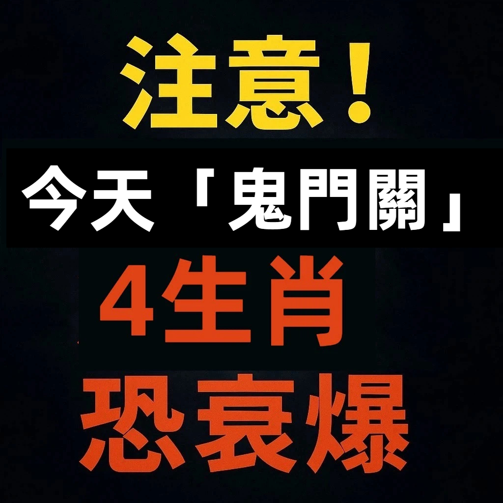 今天就是農曆七月最後一天,「鬼門關」正式到來!傳說好兄弟在這天回陰間前,陰氣最重、最容易「找交替」。不少命理老師提醒,這一天最好低調一點,尤其是 蛇、豬、虎、猴 這四個生肖,特別容易「中鏢」,小心運勢一夕翻轉,衰到年底。
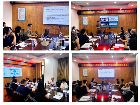 在学术交流环节,best365网页版登录官方网站的教师分享了各自的科研工作。王勇老师介绍了准备发表的论文《Re-routing Attention: How Digital Capability Alter Peer Imitation in Outward FDI》,王红锌老师汇报了关于人智协同驱动下新创企业创新和增长的研究计划,彭艳老师汇报了在组织行为学领域的研究工作,张梦莹老师介绍了在服务营销方面的研究。许副校长逐一进行了深入点评,并从理论框架、研究方法等方面提出了建设性意见。
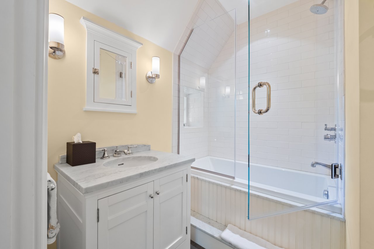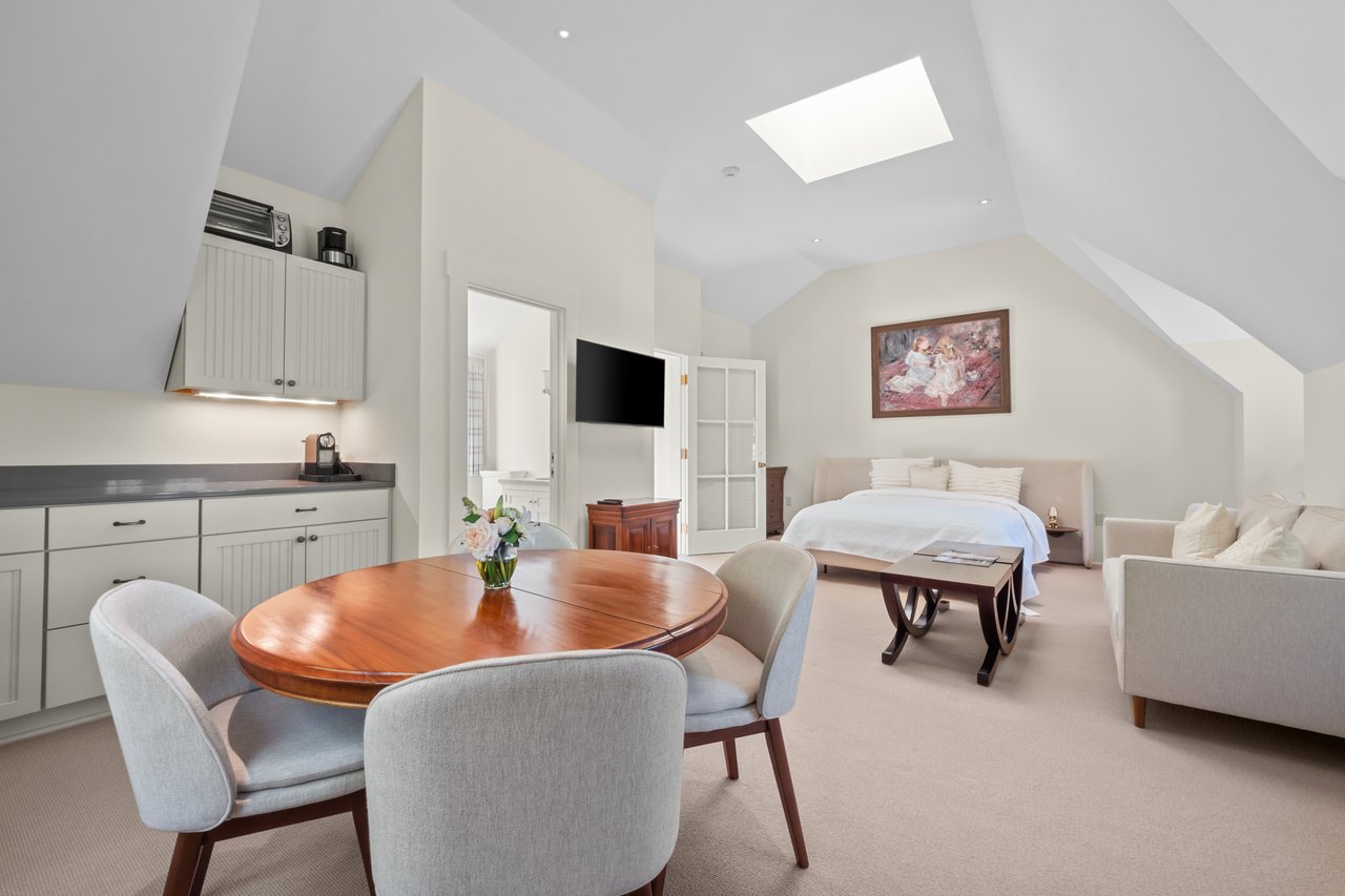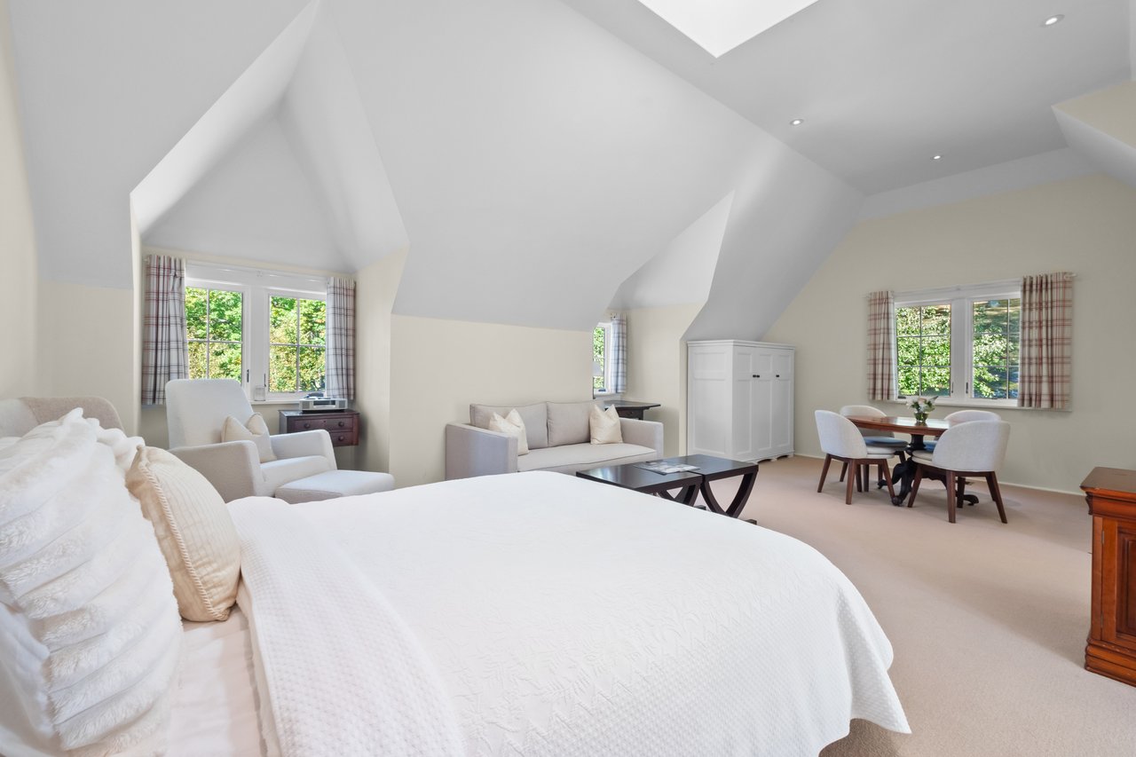 The first structure you see upon entering the estate is the beautifully proportioned Guest House—a stone-clad English cottage straight out of a fairytale. Bathed in natural light, this romantic retreat features:
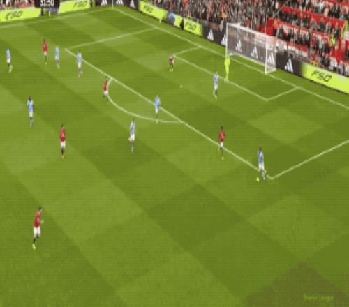 第39分钟,曼城在曼联的30米区域连续传递,罗德里送上妙传,塞梅尼奥的射门稍稍偏出。
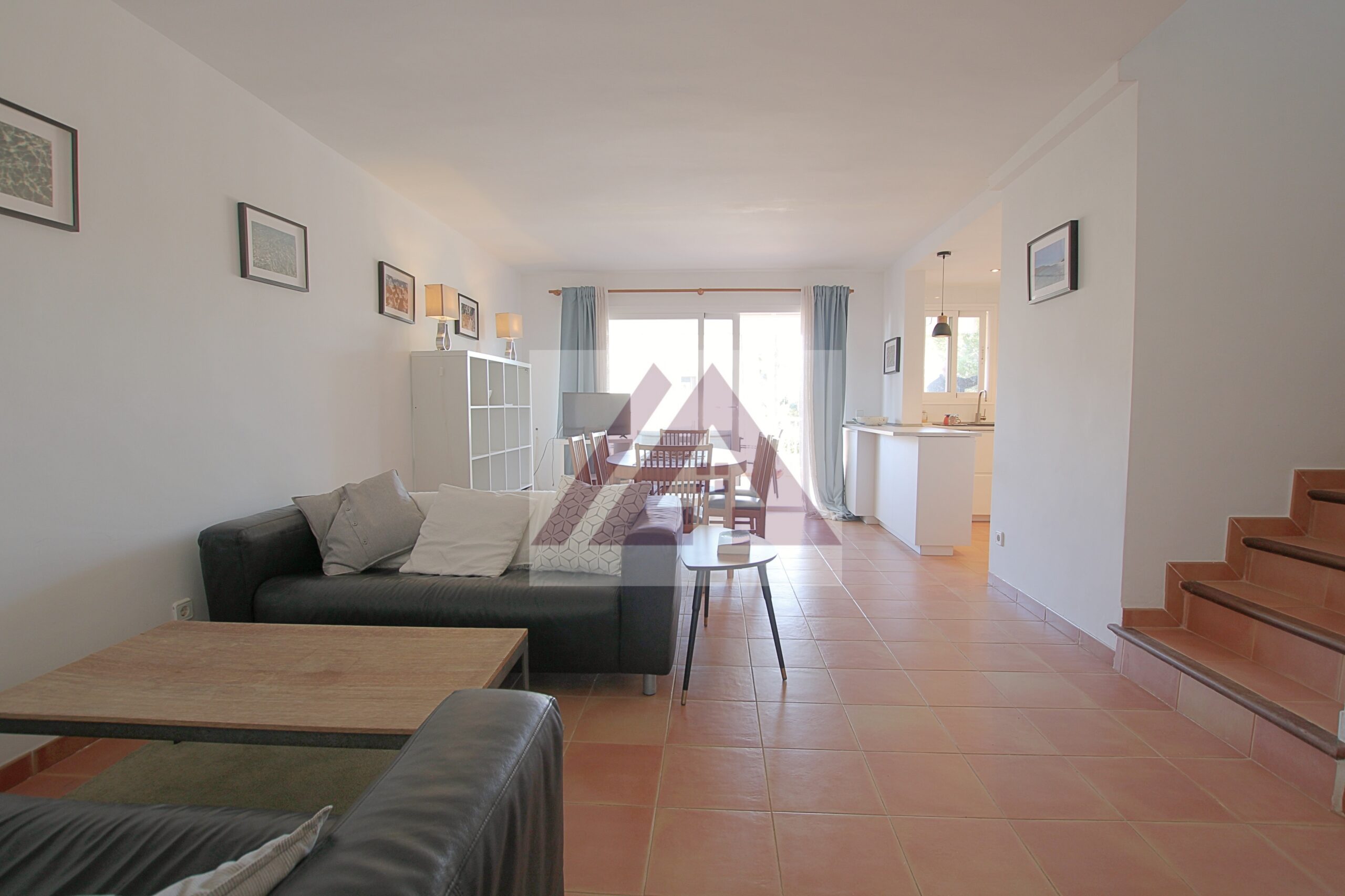En Portocolom, a pocos minutos andando de las playas del Arenal de Portocolom y del faro, se alquila durante 12 meses este estupendo atico duplex con plaza de parking privada y piscina comunitaria.

▶ [Task details]: Skip all pictures. Copy exactly the lines from the one containing "第39分钟,曼城在曼联的30" through the end of the records, both ends included.

▶ [Worked solution]:
 第39分钟,曼城在曼联的30米区域连续传递,罗德里送上妙传,塞梅尼奥的射门稍稍偏出。
En Portocolom, a pocos minutos andando de las playas del Arenal de Portocolom y del faro, se alquila durante 12 meses este estupendo atico duplex con plaza de parking privada y piscina comunitaria.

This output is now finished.